## Task to complete:
The output is the lines below from the one with "Training am Strand der Newcoast Boracay" through the one with "Am Nachmittag begann", both included, printed exactly and with no other line.

## Exercise data:
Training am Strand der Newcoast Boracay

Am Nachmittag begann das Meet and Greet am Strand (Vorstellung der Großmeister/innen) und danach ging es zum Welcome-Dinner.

==

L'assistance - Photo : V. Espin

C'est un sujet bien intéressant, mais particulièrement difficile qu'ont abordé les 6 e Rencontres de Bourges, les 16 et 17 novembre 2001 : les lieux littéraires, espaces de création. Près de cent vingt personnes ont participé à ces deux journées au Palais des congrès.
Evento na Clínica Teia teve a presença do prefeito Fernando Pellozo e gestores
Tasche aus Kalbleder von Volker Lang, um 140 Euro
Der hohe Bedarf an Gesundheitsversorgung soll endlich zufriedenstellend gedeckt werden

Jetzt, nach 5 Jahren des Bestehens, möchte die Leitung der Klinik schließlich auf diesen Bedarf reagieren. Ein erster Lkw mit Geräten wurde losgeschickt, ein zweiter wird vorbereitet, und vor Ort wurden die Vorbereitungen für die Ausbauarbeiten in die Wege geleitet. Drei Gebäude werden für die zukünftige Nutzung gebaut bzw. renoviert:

## Response for this exercise:
Training am Strand der Newcoast Boracay

Am Nachmittag begann das Meet and Greet am Strand (Vorstellung der Großmeister/innen) und danach ging es zum Welcome-Dinner.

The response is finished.